The bounty hunter's name is Aris Boch, and he is hunting a Goa'uld - or so he claimed. He employed our help to catch the 'Goa'uld' in return for letting us go. However, after some scuffles where we tried to flee, he didn't trust us, I got tied up. The Goa'uld claimed to be a Tok'ra and my team mates suspected it was right and that I would recognize him, but Aris Boch did not believe in Tok'ra, or at least not that they are different from Goa'uld.

I was freed, and I met the so-called Goa'uld. He was a Tok'ra - named Korra, and badly injured. He was on the run from the Goa'uld Sokar, having pretended to be his underling, Keltar.

We tried to convince Aris Boch that he is Tok'ra, and that they are very much not as the Goa'uld, but he did not listen. Then Korra tried to commit suicide, not wanting to risk giving up the Tok'ra during torture.

It was a bad scare for me, both because Korra was a good friend of Jolinar's - and I feel as if he is my good friend - but also because it reminded me of other incidents where Tok'ra were captured and tortured. Where Jolinar was tortured.

So badly. I try to force the images out of my mind. It has happened to her many times, but one was especially bad. I'm not sure where it was, but there is a disgusting man torturing her, the place is hot and filthy - and it feels like I am there.

I feel dirty, just thinking of it.

I take a deep breath and force those thoughts aside.

It shocked Aris Boch, though.
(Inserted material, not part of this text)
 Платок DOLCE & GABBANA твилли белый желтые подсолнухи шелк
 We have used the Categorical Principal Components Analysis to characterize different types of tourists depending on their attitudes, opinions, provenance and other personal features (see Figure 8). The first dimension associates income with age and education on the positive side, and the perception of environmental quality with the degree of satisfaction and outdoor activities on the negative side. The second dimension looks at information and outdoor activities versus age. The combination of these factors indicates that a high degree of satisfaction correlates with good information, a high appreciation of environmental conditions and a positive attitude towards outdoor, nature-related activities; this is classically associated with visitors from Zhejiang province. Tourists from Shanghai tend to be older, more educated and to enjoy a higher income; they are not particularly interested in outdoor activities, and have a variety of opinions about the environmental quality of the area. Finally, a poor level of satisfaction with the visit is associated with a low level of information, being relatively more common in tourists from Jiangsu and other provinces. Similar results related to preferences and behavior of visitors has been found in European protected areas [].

Badly. I know that. He did not think Tok'ra would try to commit suicide to save their friends and companions, but now he got proof they are not like the Goa'uld.

We wanted to save Korra, and Teal'c offered to go with Aris Boch instead, since he was valuable too. We agreed to that, and Aris Boch did too.
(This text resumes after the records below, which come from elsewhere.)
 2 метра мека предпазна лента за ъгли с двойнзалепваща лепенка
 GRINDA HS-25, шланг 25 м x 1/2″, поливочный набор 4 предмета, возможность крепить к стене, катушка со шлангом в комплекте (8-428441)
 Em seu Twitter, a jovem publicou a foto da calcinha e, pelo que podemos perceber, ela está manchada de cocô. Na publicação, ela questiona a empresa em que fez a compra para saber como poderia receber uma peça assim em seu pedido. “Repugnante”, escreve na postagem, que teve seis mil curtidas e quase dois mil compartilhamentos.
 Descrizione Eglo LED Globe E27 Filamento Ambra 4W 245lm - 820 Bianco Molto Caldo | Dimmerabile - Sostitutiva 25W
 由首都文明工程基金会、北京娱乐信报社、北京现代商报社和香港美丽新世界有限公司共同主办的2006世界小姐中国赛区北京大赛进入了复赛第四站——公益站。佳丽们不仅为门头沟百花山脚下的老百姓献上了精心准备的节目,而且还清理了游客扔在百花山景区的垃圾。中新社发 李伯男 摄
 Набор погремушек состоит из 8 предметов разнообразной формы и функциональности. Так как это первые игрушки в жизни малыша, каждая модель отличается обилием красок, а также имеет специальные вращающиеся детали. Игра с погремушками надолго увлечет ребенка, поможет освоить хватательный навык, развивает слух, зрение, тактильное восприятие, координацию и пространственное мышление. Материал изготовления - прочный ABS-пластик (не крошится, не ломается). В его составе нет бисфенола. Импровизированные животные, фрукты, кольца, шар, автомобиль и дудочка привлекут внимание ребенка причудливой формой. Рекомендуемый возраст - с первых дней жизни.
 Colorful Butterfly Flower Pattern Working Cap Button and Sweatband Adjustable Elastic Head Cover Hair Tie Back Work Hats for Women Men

Then, of course, it turns out Aris Boch had truly been moved and now believed in the Tok'ra and in someone willing and able to fight the Goa'uld. He tricked the Goa'uld and let us all go.

Korra stayed only briefly here, then returned to the Tok'ra. His symbiote can heal him, so no worries there.
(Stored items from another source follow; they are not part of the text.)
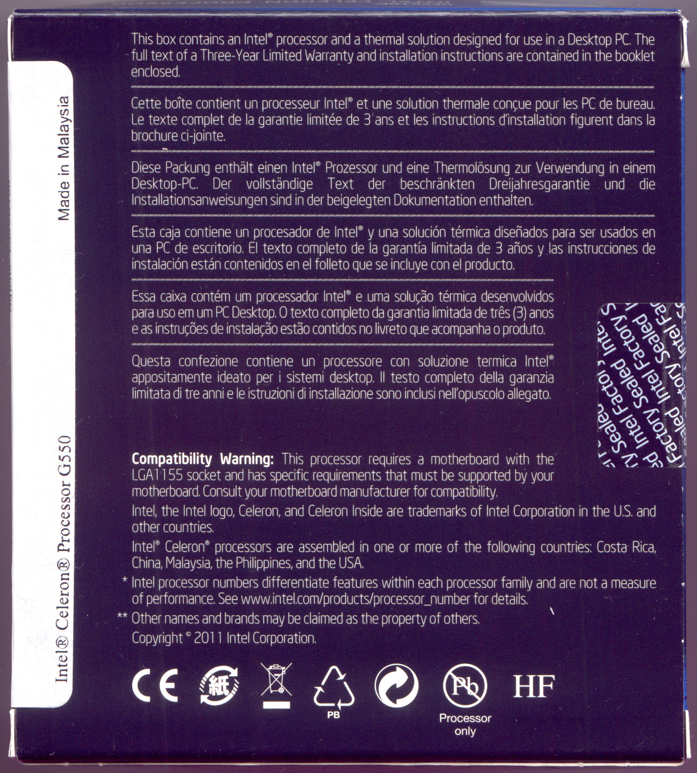 Vadonatúj bontatlan Intel Celeron G550 2.6 GHz LGA 1155 SR061 (2MB Cache, 2c/2t) processzor CPU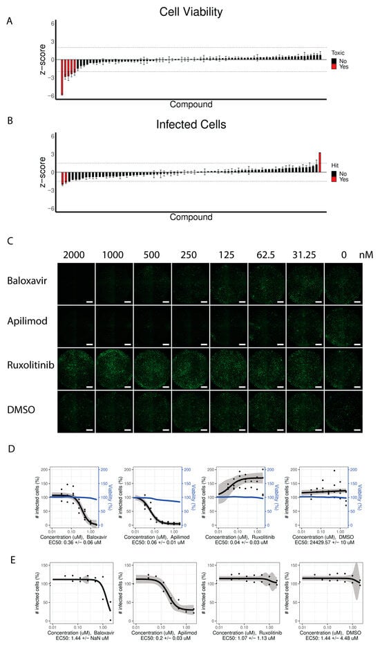 Because recombinant fluorescent reporter viruses are powerful tools for identifying novel antiviral compounds, we performed a proof-of-concept study using our IDVmNG fluorescent reporter virus from passage 2 to test a panel of 80 compounds from the COVID box (Table S2). Here we included Baloxavir Marboxil as a positive control, as it was previously shown to inhibit IDV replication [31]. Using a similar strategy, which we previously employed for SARS-CoV-2, we first evaluated cell viability after an incubation period of 73 h using the 80 compounds and the Baloxavir Marboxil at concentrations of 1 µM and the vehicle control (DMSO) on HRT-18G cells [33]. With this approach, we excluded five compounds from subsequent analysis because of cytotoxic effects on the HRT-18G cell line (Figure 4A). For the identification of potential IDV antagonists, HRT-18G cells were pretreated with the compounds for 1 h prior to infection with IDVmNG, during which 1 µM concentration for each compound was maintained. At 3 dpi, the number of mNG-positive cells was quantified to calculate the Z-score for each compound, and individual compounds with z-scores >1.5 or <−1.5 were considered hits (Figure 4B). Using this approach, we identified, next to our positive control Baloxavir Marboxil, a single compound inhibiting IDV replication, namely Apilimod, a PIKFyfe inhibitor [34]. Interestingly, we identified the JAK-inhibitor Ruxolitinib as a compound increasing IDV replication [35]. To determine the efficacy of the identified compounds, we treated HRT-18G cells with a serial dilution of the compounds of interest 1 h prior to adding the reporter virus. After 3 dpi, we counted the total number of mNG-positive cells under the different conditions and displayed the results using dose–response curves (Figure 4C,D). Baloxavir Marboxil and Apilimod displayed a dose-dependent effect with EC50 values of 0.36 µM and 0.06 µM, respectively, indicating that Apilimod is a more potent inhibitor of IDV replication than Baloxavir Marboxil. Intriguingly, Ruxolitinib showed increased mNG-positive cells at all concentrations, with an EC50 of 40 nM. This suggests that inhibiting the innate immune signaling can boost IDVmNG replication on HRT-18G cells at relatively low concentrations. To avoid IDVmNG-specific artifacts, we repeated the dose–response experiment with the parental IDVWT (Figure 4E). To detect virus-infected cells, we fixed the cells at the end of the incubation period and immunostained them for the NP protein. The results corroborated that Baloxavir Marboxil and Apilimod inhibit viral replication of IDVs, although the EC50 values were 3–4-fold higher (1.44 and 0.2 µM, respectively), suggesting that the reporter IDV is more susceptible to the inhibitors. Interestingly, we observed only a weak enhancing effect of Ruxolitinib on the viral replication of IDVWT, which suggests that this effect is specific to the reporter IDV.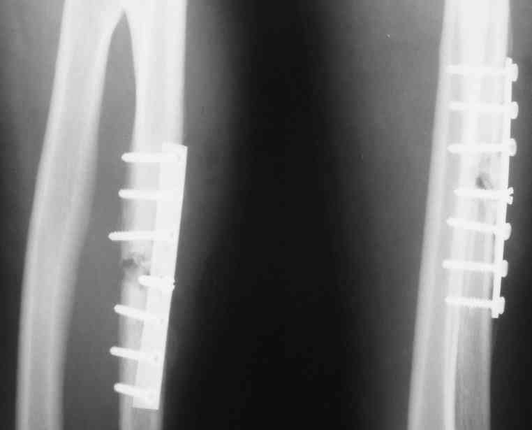 07.08.07 выполнена открытая репозиция,остеосинтез локтевой кости пластинкой.Послеоперационный период осложнился нагноением п/о раны. Выполнено дренирование п/о раны с установкой промывающего дренажа,антибиотикотерапия.Явления воспаления купированы.В настоящее время в ср/3 левого предплечья,в проекции п/о рубца, имеется рана,размерами 2,0х0,8 см со скудным гнойным отделяемым,умеренный отёк мягких тканей.Данные R-графии через 2 месяца после операции представлены. Хотелось бы узнать ваше мнение о тактике дальнейшего лечения: Целесообразно ли удаление фиксатора в данной ситуации? И если да,то альтернативный способ фиксации отломков? Объём оперативного вмешательства? Способ замещения дефекта локтевой кости? Заранее признателен,с уважением В.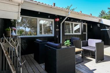 Dette skønne feriehus er beliggende på en fantastisk sydvendt grund på ca. 1.200 m2 med mange solkroge og mulighed for læ. Der er kun 350 meter fra Vesterhavet i det populære område Viktoriavej. Der er en stor terrasse med havemøbler, solvogne og grill, og det er altid muligt at finde en plads i solen. Som noget ganske specielt er der på den private grund også en wellnessafdeling udenfor med et udendørs vildmarksbad, som opvarmes med brænde. Få meter fra terrassen står den hyggelige shelter med plads til fire personer.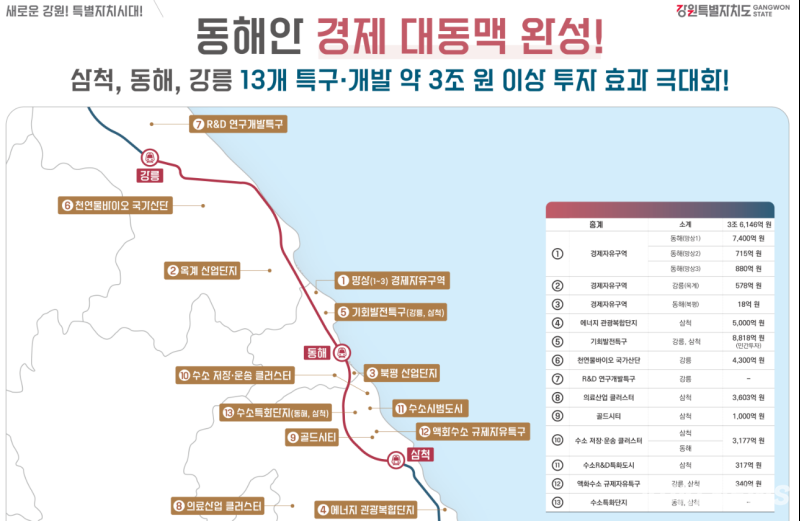 또한 "강릉·동해·삼척 13개 특구 개발사업 3조 원과 연계한 시너지 효과는 물론, 울산·경북·강원에 분산된 6개 주요 수소거점을 연결하는 수소산업 벨트와 동해안 117개 해수욕장을 기반으로 한 글로벌 관광벨트 조성에도 큰 역할을 할 것"이라고 덧붙였다.

I talked to him for a little while, and we agreed to talk more next time I am in the tunnels. Talk about old times, even if it was Jolinar who knew him. It is weird, but he accepted it way easier than me. Maybe it is the Tok'ra way.


I pull out my diary, feeling a need to write about my dream before doing much of anything else.

 

September 8 1999

It was a strange dream.

I was walking around on the base, and after a little while it was not me! I looked in the mirror, and it was me - but I looked wrong? Even if I still see the image - it was Samantha Carter. However, I was too tall, my hair was too short, but almost the right colour, even if the slight redness was missing. My eyes were the right colour, at least.

I felt a powerful sense of loss, and just wants to cry and throw myself in the arms of ... my lover? My mates. I see them for my inner eye.

It is Martouf and Lantash. They are so handsome! My heart beats faster as I look into their pale blue-grey eyes, and our lips slowly comes closer, and we kiss...

 

In my dream all this makes sense.

 

Again in my dream, I feel alone, so terribly alone. I want companionship, and I consider reaching out for the other. I remember the hurtful words she threw at me. The obscenities she yelled at me. My heart hurts just thinking of it, but I also feel an overwhelming sense of guilt. I have done something unforgivable. How could anyone ever forgive it? It is against all my kind believe in! What I have done...makes me no better than a Goa'uld!

Someone is approaching me, and I pull myself together.

It is...Daniel, is his name. I am disgusted by myself, taking memories from my host, without permission. He greets me and asks if I want to go have a cup of coffee.

Coffee...I have no idea what it is, and I do not want to commit more crimes against my poor host just for information about some sort of beverage. In any case, I suspect my host would say yes, so much against my will, I do the same.

 

My alarm clock rang at that point, and I woke up. I felt really depressed, but I knew it was really Jolinar who had felt depressed.

It was so weird! In the dream I was her, and I felt and reacted and thought as her.

This makes me wonder, not for the first time, how much of Jolinar is in me. How many of her memories I have.